Medicine type A

$n_a=5\\\bar x_a={\sum x\over n_a}={230\over5}=46$

$s_a^2={\sum x^2-{(\sum x)^2\over n_a}\over n_a-1}={10870-10580\over4}=72.5$

Medicine type B

$n_b=5\\\bar x_b={\sum x\over n_b}={235\over5}=47$

$s_b^2={\sum x^2-{(\sum x)^2\over n_b}\over n_b-1}={11601-11045\over4}=139$

Before we go to test the means first we have to test their variability using F-test.

We test,

$H_0:\sigma_1^2=\sigma_2^2\\vs\\H_1:\sigma_1^2\not=\sigma_2^2$

The test statistic is,

$F_c={s_b^2\over s_a^2}={139\over72.5}=1.91724138$

The table value is,

$F_{\alpha,n_b-1,n_a-1}=F_{0.05,4,4}=6.388233$ and we reject the null hypothesis if $F_c\gt F_{\alpha,n_b-1,n_a-1}$

Since $F_c=1.91724138\lt F_{0.05,4,4}=6.388233$, we accept the null hypothesis that the population variances for medicine type A and medicine type B are equal.
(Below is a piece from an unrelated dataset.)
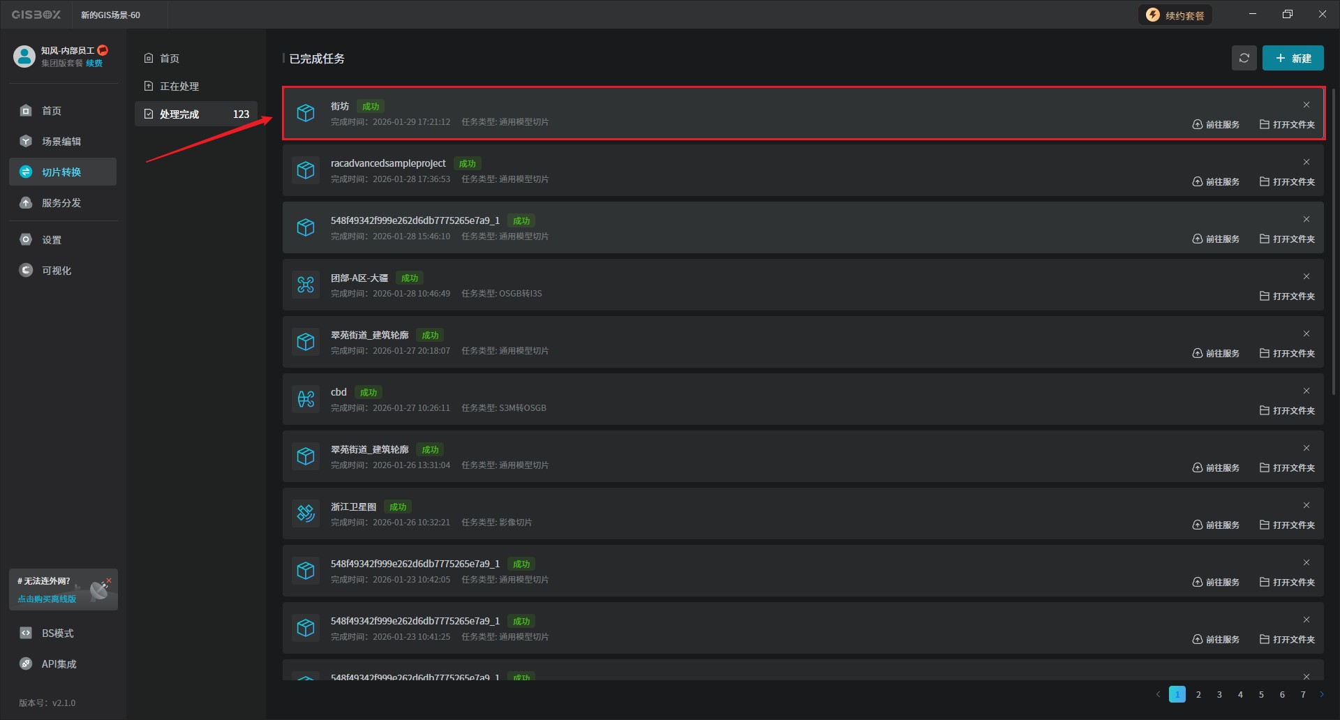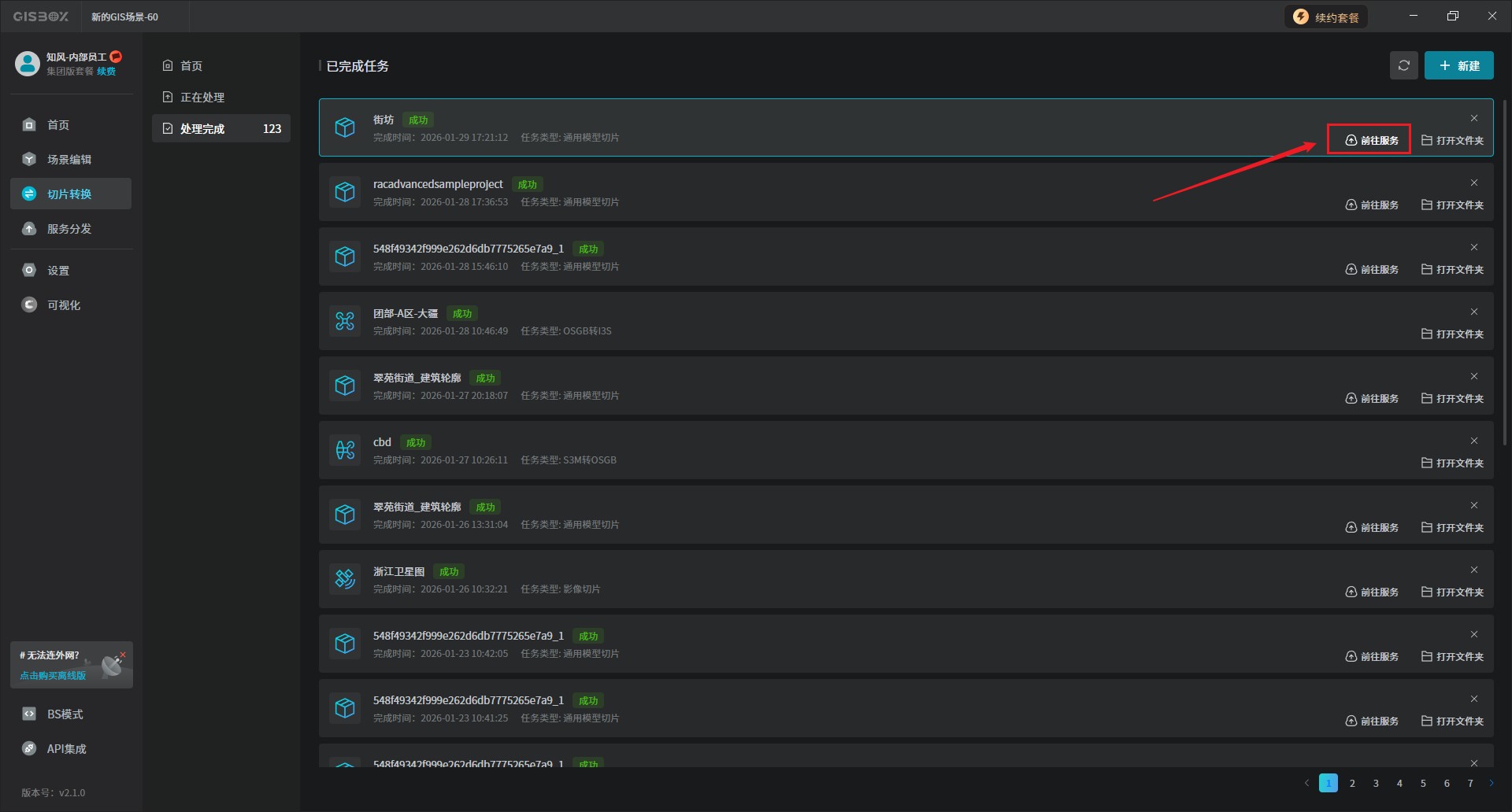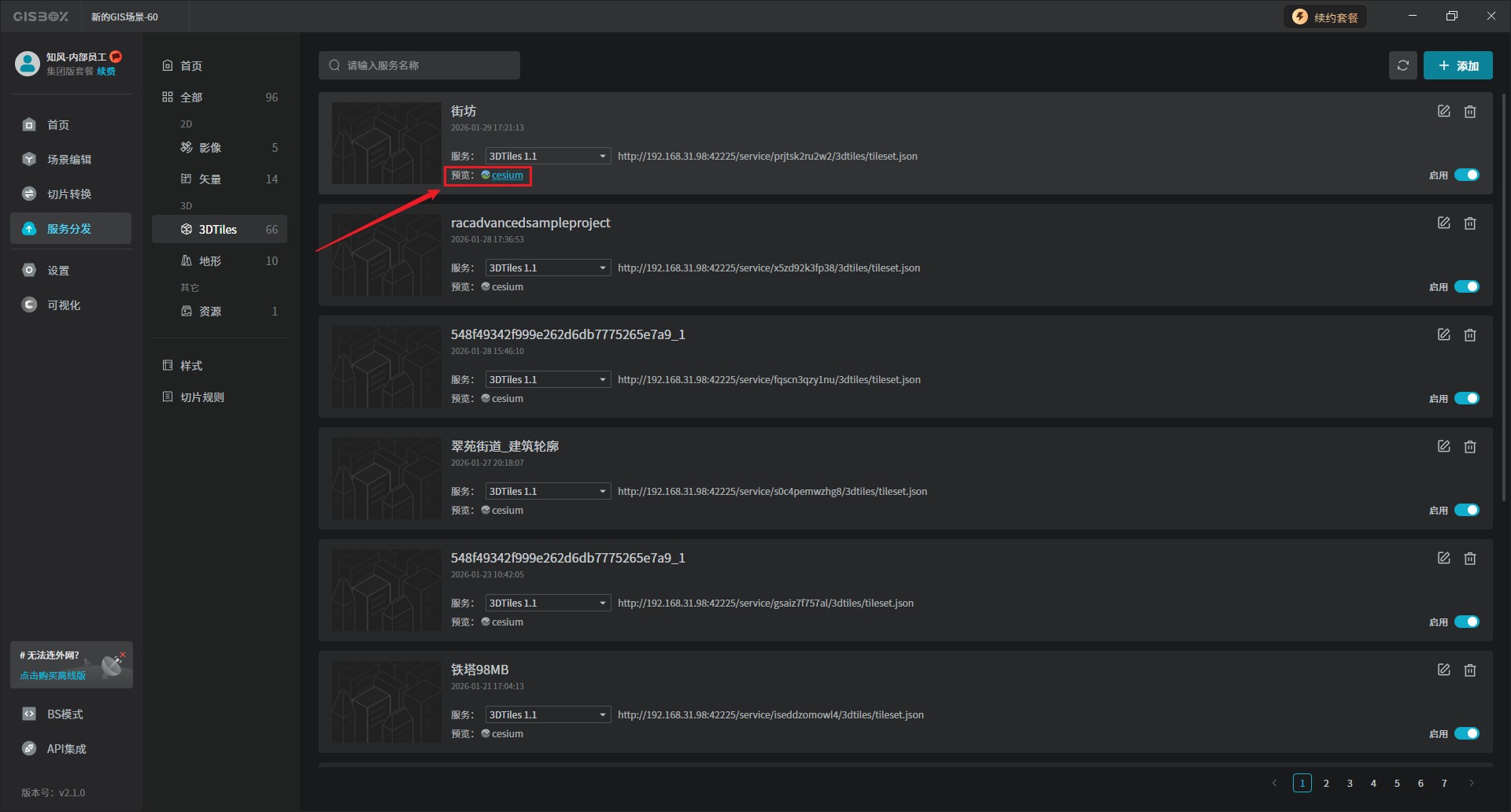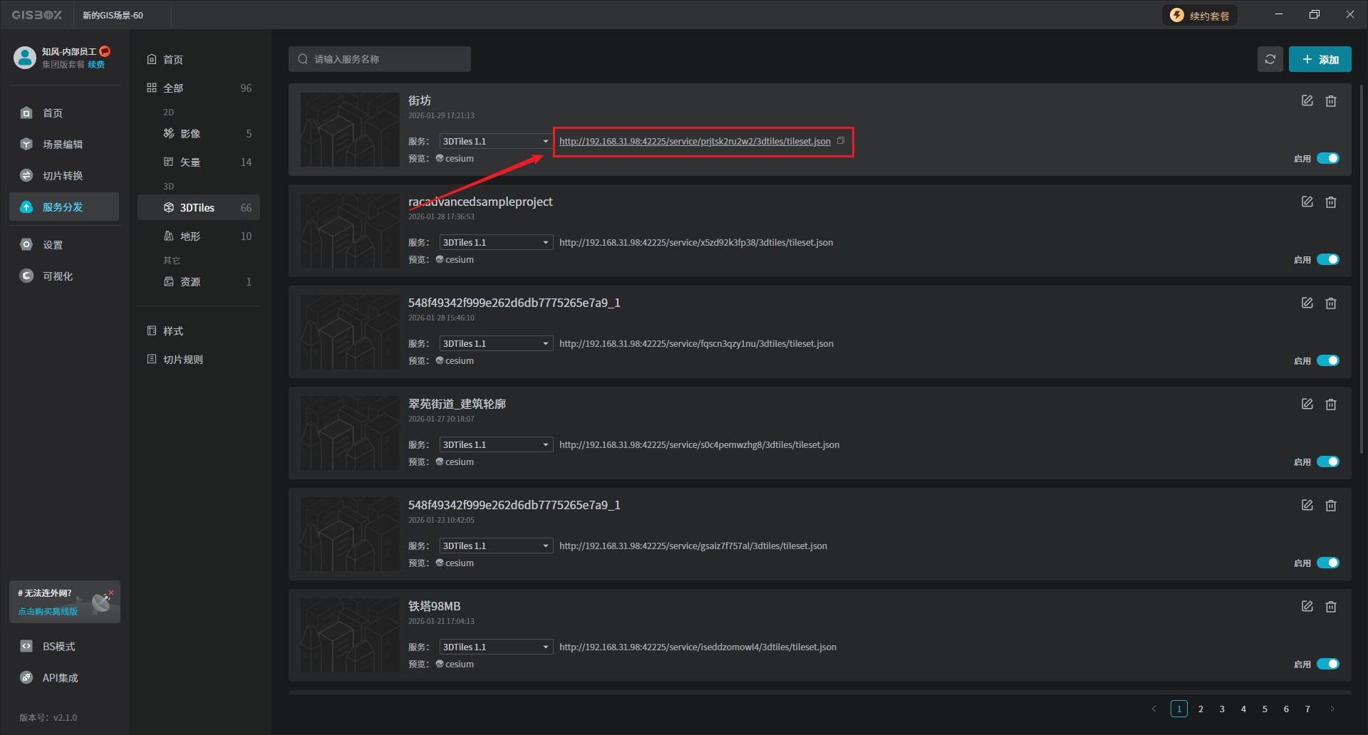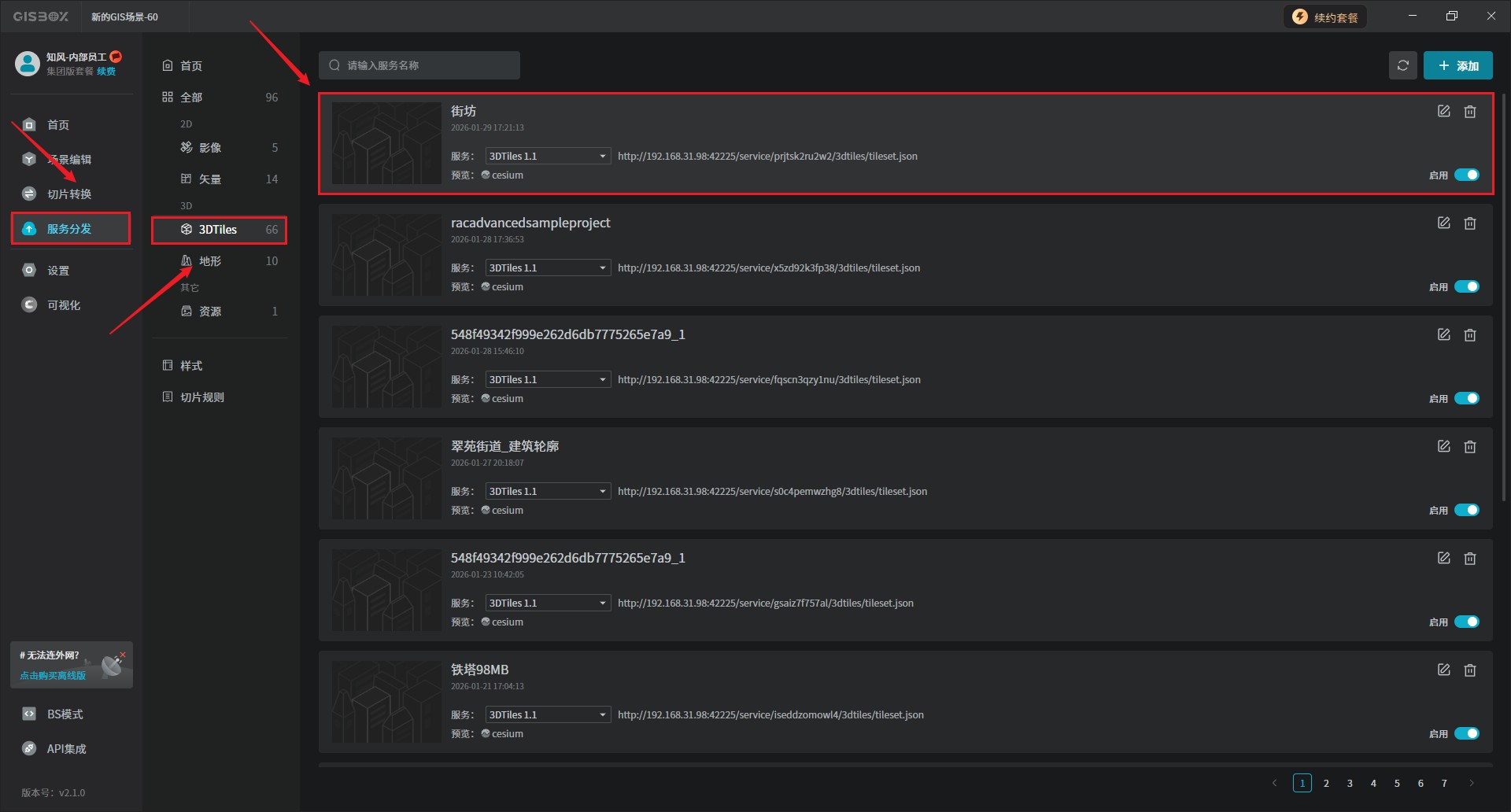 点击“前往服务按钮”就会立即跳转至“服务分发”界面,我们将会在“3DTiles”中看到已发布完成的服务,如下图所示:

We now proceed to test whether the difference in means is significant.

The hypothesis tested are,

$H_0:\mu_a=\mu_b\\vs\\H_1:\mu_a\not=\mu_b$  

The test statistic is,

$t_c={(\bar x_a-\bar x_b)\over \sqrt{sp^2({1\over n_a}+{1\over n_b})}}$

where $sp^2$ is the pooled sample variance given as,

$sp^2={(n_a-1)s_a^2+(n_b-1)s_b^2\over n_a+n_b-2}={(4\times72.5)+(4\times139)\over8}={846\over8}=105.75$

Therefore,

$t_c={(46-47)\over \sqrt{105.75({1\over 5}+{1\over 5})}}={-1\over6.5038}=-0.1538$

$t_c$ is compared with the table value at $\alpha=0.05$ with $n_a+n_b-2=5+5-2=8$ degrees of freedom.

The table value is,

$t_{{0.05\over2},8}=t_{0.025,8}=2.306004$

The null hypothesis is rejected if $|t_c|\gt t_{0.025,8}.$

Now,

$|t_c|=0.1538\lt t_{0.025,8}=2.306004,$ and we fail to reject the null hypothesis and conclude that there is no sufficient evidence to show that the  two medicines differ significantly with regard to their effect and increasing weight at 5% significance level.